Pneumococcal Surface Proteins as Virulence Factors, Immunogens, and Conserved Vaccine Targets

Abstract

Streptococcus pneumoniae is an opportunistic pathogen that causes over 1 million deaths annually despite the availability of several multivalent pneumococcal conjugate vaccines (PCVs). Due to the limitations surrounding PCVs along with an evolutionary rise in antibiotic-resistant and unencapsulated strains, conserved immunogenic proteins as vaccine targets continue to be an important field of study for pneumococcal disease prevention. In this review, we provide an overview of multiple classes of conserved surface proteins that have been studied for their contribution to pneumococcal virulence. Furthermore, we discuss the immune responses observed in response to these proteins and their promise as vaccine targets.

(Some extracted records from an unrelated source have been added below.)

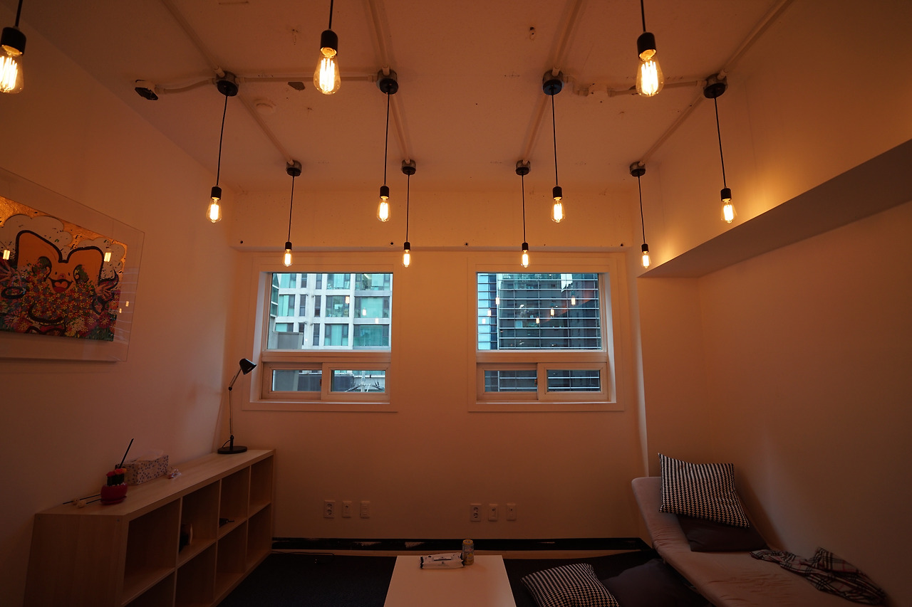 선릉역 인근(도보 7분 거리, 포스코 사거리)에 위치해 있는 헬프미의 사무실은 멋진 인테리어와 아늑한 휴식 공간, 풍성한 간식을 제공하고 있습니다.
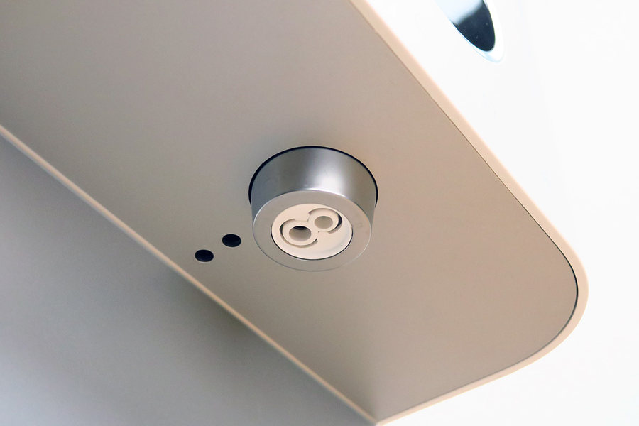 在米家台式净饮机冷热版的顶部还可以看到NFC的图标,其支持NFC功能,用户可以在米家APP中来设定水温和水量,并通过NFC来实现净饮水机的快速设定,更加的方便。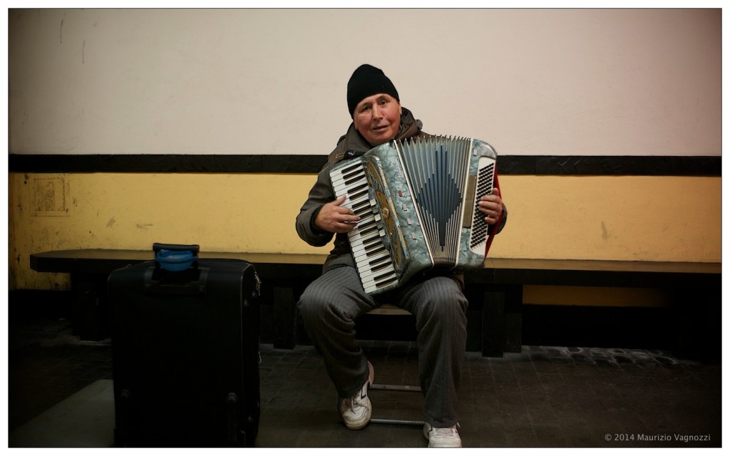 Foto? Mi piace chi suona per strada, mi sembra ci sia una dignità nell’offrire la propria musica per due spiccioli. Fisarmoniche, chitarre, sassofoni, fino al più classico degli “one-man band”: poi, trovare un tipo che allieta i passanti nella galleria dell’ascensore del Portello, con un berretto esattamente come il mio …..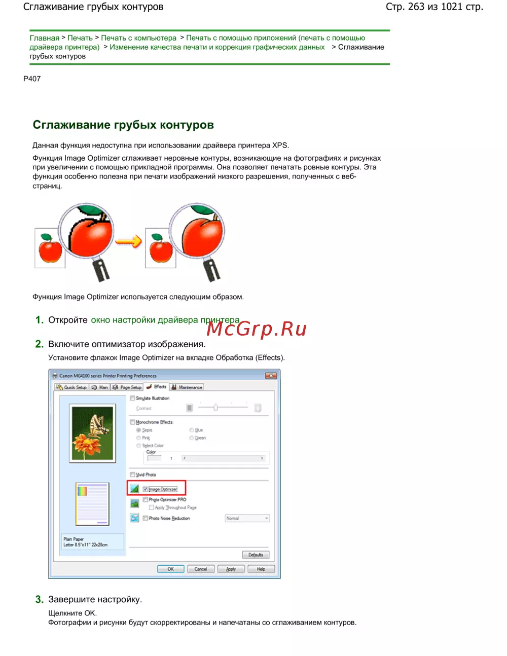 Canon Pixma MG4140 — оптимизация качества печати: сглаживание контуров изображений [263/1021]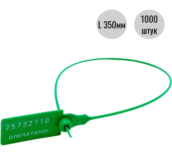 Пластиковая номерная пломба Пломба.Ру D 2,3 мм., L 350 мм., Цвет Зеленый 1000 шт. КПП-3-1603СТ 619341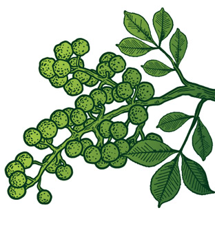 花椒果實的揮發(fā)油中含量最多的是4-松油烯醇,占13.46%,還有辣薄荷酮(piperitone)占10.64 %,芳樟醇占9.10%,香檜烯占9.7%,檸檬烯占7.30%,鄰-聚傘花素(o-cymene)占7.00%,月桂烯占3.00%以及α-和β-蒎烯,α-松油醇等。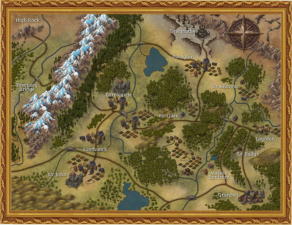 The map of the kingdom, showing the main castles, villages, and natural landmarks.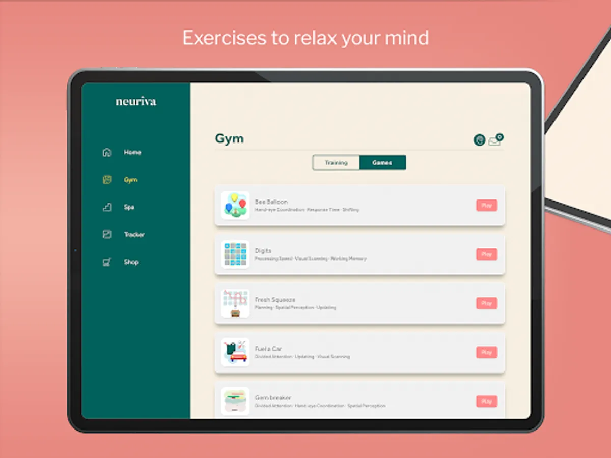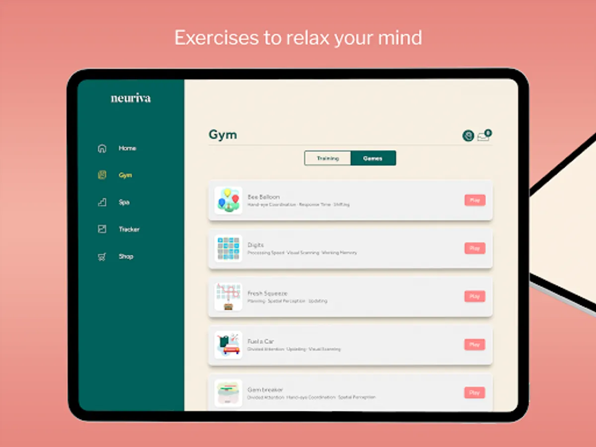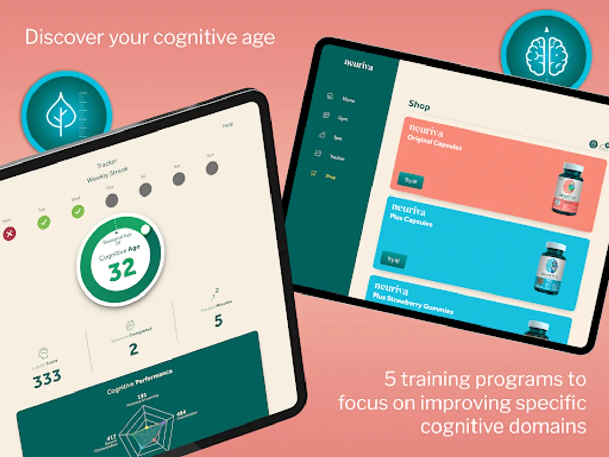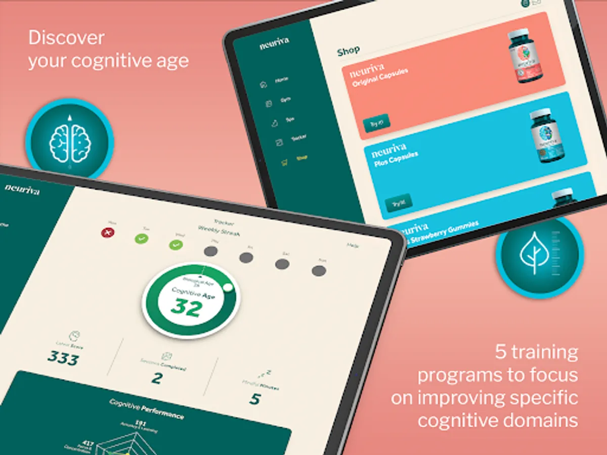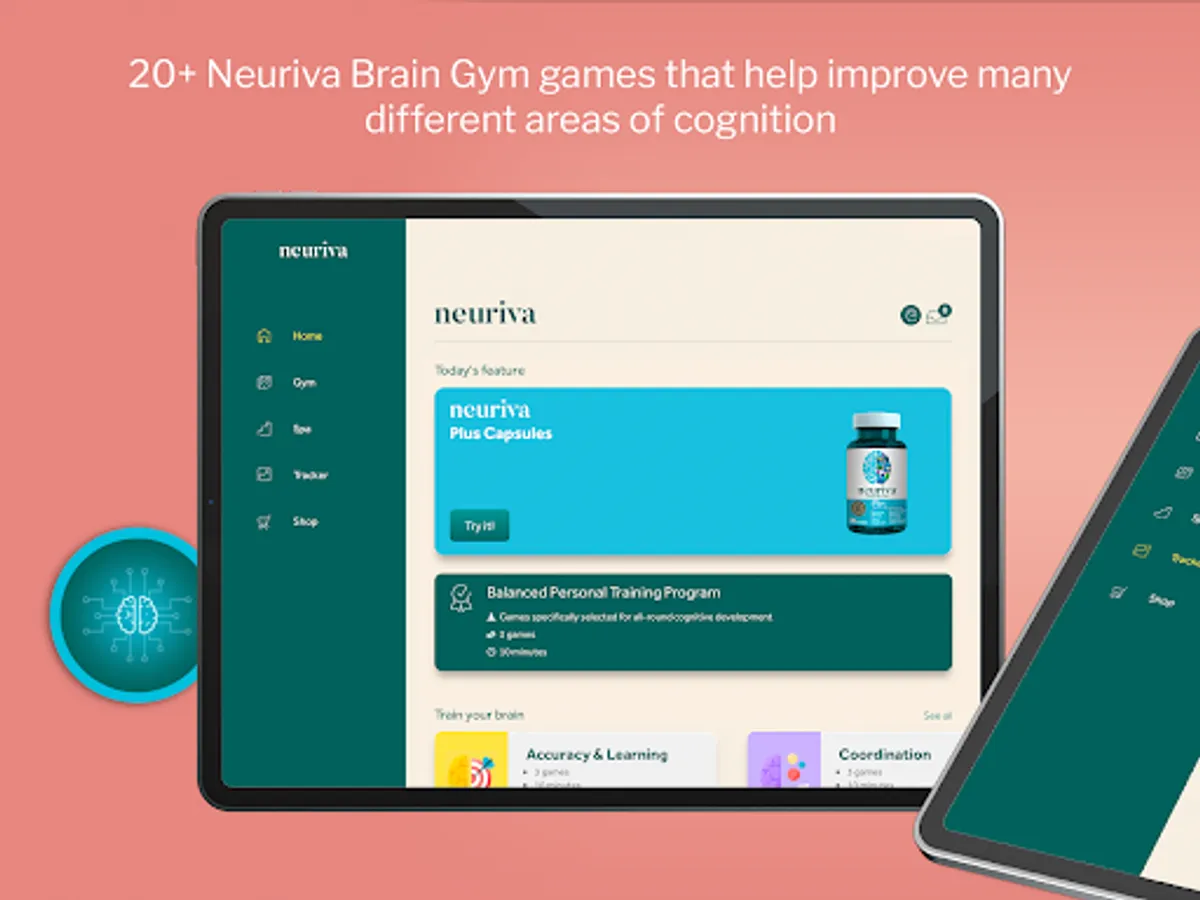 ● 20+ Neuriva Brain Gym games that help improve many different brain areas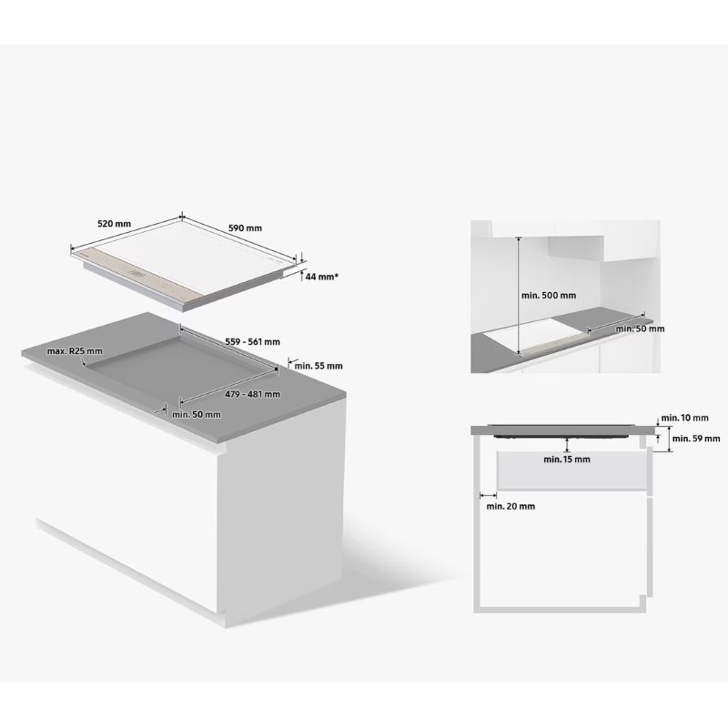- Sản phẩm được làm mỏng phẳng, lắp âm nên phù hợp với các mặt bếp có độ dày khác nhau, giúp mở rộng thêm không gian lưu trữ cho ngăn chứa đồ thường được bố trí bên dưới bếp.

Keywords: CbpA; PhtD pneumococcal histidine triad protein D; PspA; PsrP; Streptoccoccus pneumoniae; conjugate vaccine; pneumococcal protein vaccine; pneumolysin (PLY).

Figure 1

Interactions of pneumococcal factors representative of classes within the host respiratory epithelium. (A) PLY is released from Spn. It is pro-inflammatory in the environment and PLY monomers aggregate to form ring complexes that can trigger host cell death. It can interact with MRC-1 to promote bacterial survival. (B) CBPs impair complement-mediated killing by the host. PcpA influences biofilm formation and pneumococcal adhesion. CbpA binds its main receptor, pIgR, to promote adherence. PspA binds lactoferrin for critical iron uptake for the bacterium from the host and inhibits apolactoferrin. Both CbpA and PspA can bind lactate dehydrogenase to enhance virulence. (C) The PHTs are well-conserved surface proteins on the pneumococcus and maintain metal homeostasis through Zn and Ni binding. (D) A model showing PsrP’s SRR1-BR region extending past the CPS. While the SRR1 glycans potentially interact with another host ligand (1), the basic region binds Keratin-10 (2). Alternatively, as previously hypothesized, the glycans may be employed as important interactors with the CPS to hoist PsrP up so that it can extend past the capsule (3).